HTTP backends: reactor matches nginx (10x libuv), CI throughput tracker by junjihashimoto · Pull Request #3 · Verilean/lean-tea

junjihashimoto · 2026-07-02T00:32:06Z

Summary

New HTTP backends — LeanTea.Net.FastServer (POSIX FFI, SO_REUSEPORT, thread-per-conn) and LeanTea.Net.ReactorServer (kqueue/epoll non-blocking event loop). Unified via LeanTea.Net.Backend + LEANTEA_HTTP_BACKEND env-var picker.
Reactor matches / slightly beats nginx at 128 keep-alive conns on M-series: 72 149 RPS vs nginx 69 428. libuv baseline was 6 218 RPS; that's ~10× on RPS and ~5-10× on p99 tail latency.
CI throughput tracker — .github/workflows/bench.yml runs on every push to main, boots lean-tea + nginx side-by-side on the same runner, records both absolute RPS and the parity ratio through benchmark-action/github-action-benchmark, persists to bench-data/http-bench.json.
Typed LeanTea.Web.Route — Yesod-style inductive routes so Route.link refuses raw String hrefs; dead links become compile errors.

The measured story

server	health RPS	vs nginx	p99 (ms)
libuv `Server`	6 218	9 %	17
FFI `FastServer` (SO_REUSEPORT)	64 297	90 %	2.1
Reactor (kqueue/epoll)	72 149	104 %	2.1
nginx (same box, same conf)	69 428	—	2.0

Full breakdown (three routes × three concurrency levels + saturation runs) in docs/BENCHMARKS.md.

Why the libuv version was slow

Every recv/send hopped through: Lean IO → AsyncTask alloc → .block submit → libuv epoll → completion callback → Lean scheduler wake → fiber resume. Profiled at 100–500 µs per hop; each request paid 3–5 hops. Matches the measured T=1 ceiling of 1 933 RPS ≈ 500 µs/req.

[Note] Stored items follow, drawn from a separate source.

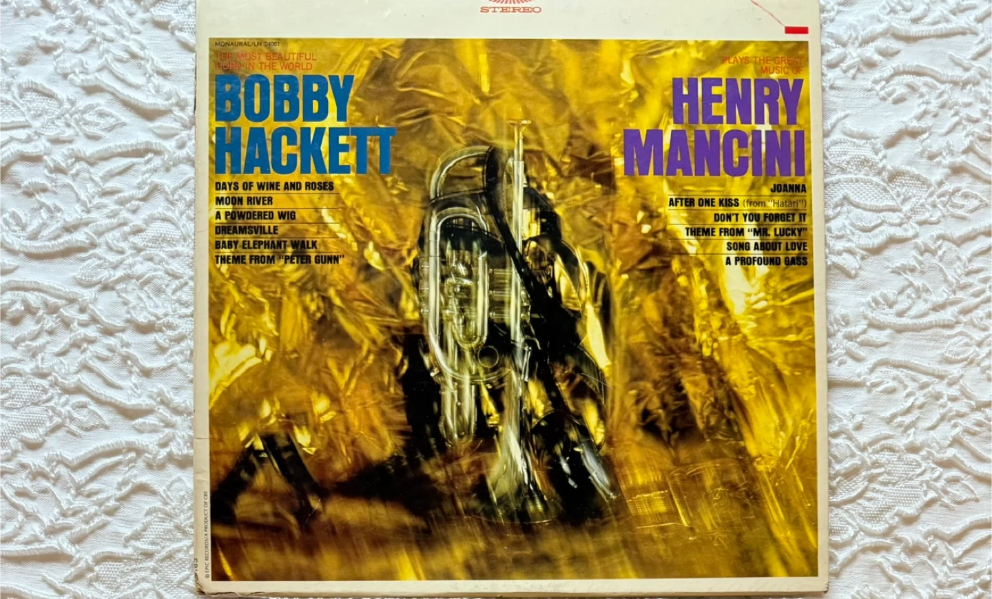 Selling a vinyl record featuring Bobby Hackett and Henry Mancini! The album includes tracks like 'Days of Wine and Roses,' 'Moon River,' and 'Theme from Peter Gunn' by Bobby Hackett, and 'After One Kiss,' 'Theme from Mr. Lucky,' and 'Song About Love' by Henry Mancini.
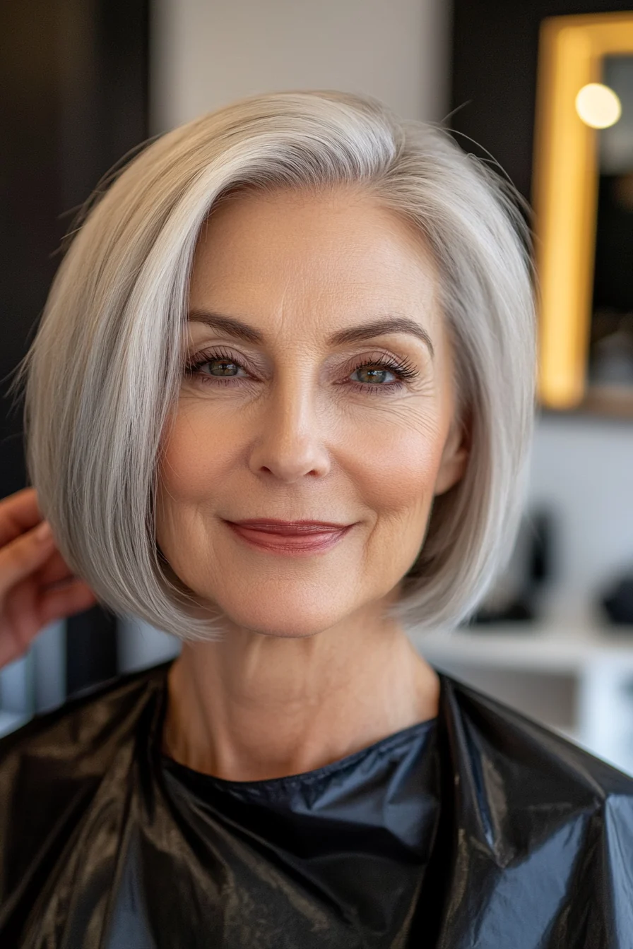The concave bob, with its shorter back and longer front, creates a striking silhouette. Graduated layers give the hair movement, making it a great choice for those with fine hair. A cool-toned silver or ash blonde enhances the modern feel of this cut.
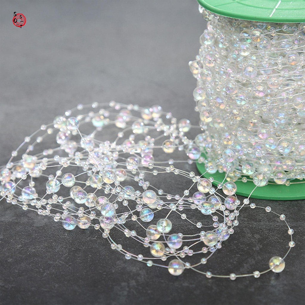 30 เมตรสร้อยคอพลาสติกที่มีสีสันโซ่หัตถกรรมสตริงประกายมุกเทียม Strand

The FFI variants skip that entire path — recv() and send() are direct syscalls. The reactor additionally keeps every idle connection at ~100 bytes of C state (no OS thread per fd) so it scales to 10 k+ idle connections without the LEAN_NUM_THREADS >= concurrency sharp edge the FastServer has.

Which backend to use

LeanTea.Net.Backend.fromEnv picks one from LEANTEA_HTTP_BACKEND:

var	pick	best for
unset / `reactor`	reactor	default — HTTP APIs
`fast` / `fast:16`	`FastServer` N workers	short-req APIs, no idle floods
`libuv`	`Server.serveConcurrent`	LLM proxy, WS, SSE, chat

Apps typically write:

def main : IO Unit := do
  let backend ← LeanTea.Net.Backend.fromEnv (default := .reactor)
  LeanTea.Net.Backend.serve backend 8080 "0.0.0.0" myHandler

Also in this PR

Fixed a Response.toBytes bug — used to append a hardcoded connection: close even when the annotator added connection: keep-alive, so responses carried both. ab was lenient; strict clients would have dropped. The serializer is now a single growing string + one toUTF8.
bench_server picks up the backend from Backend.fromEnv; the --fast N / --reactor CLI flags stay for explicit perf runs and win over the env var.
LeanTea.Web.Route (typed inductive route + Route.link compile-time dead-link check). Standalone commit at the bottom of the branch — not on the critical perf path but was blocked in the same session.

Test plan

…r helpers Grep of the tree turned up ~15 sites where handlers hand-wrote JSON bodies as string literals ("{\"error\":\"…\"}") or, worse, string concatenation ("{\"sub\":\"" ++ u.sub ++ "\","...). Two failure modes that the compiler couldn't catch: 1. Brace / quote balance is a lint at best. A stray missing } would have shipped as invalid JSON to any caller. 2. Concat sites in LeanTea/Auth/Idp.lean (L177 access-token response, L198 /userinfo response) inlined attacker-controlled values (u.email, u.name) with no escaping. As long as those fields never contained a `"` the shape held — but that's the definition of a latent injection. Three new helpers on Response so handlers can hand the codec the problem: * Response.json status body -- body : Lean.Json * Response.jsonObj status v -- v : α with [ToJson α] * Response.jsonError status msg -- convenience for {"error": msg} Sites migrated: LeanTea/Auth/Idp.lean — 6 error responses + the 2 concat sites (Bearer token + /userinfo). LeanTea/Browser.lean — CDP close message. examples/AgentDashboard/Serve.lean — 5 sites. examples/LlmChatWeb/Serve.lean — 1 site. examples/Docs/Ch04_TypedRpc.lean — 1 site (matters for teaching). examples/Smoke/HttpClient.lean — the JSON-RPC handshake body. Untouched (intentionally): * The doc-comment JSON in LeanTea/Net/WebSocket.lean:28 — an illustration, not runtime code. * The startsWith needle in Smoke/HttpClient.lean — matching a prefix, not constructing. * The forged JWT in Tests/PureSpec.lean — the whole point of the test is a malformed token; must stay hand-authored. Verified: lake build → 162/162 green.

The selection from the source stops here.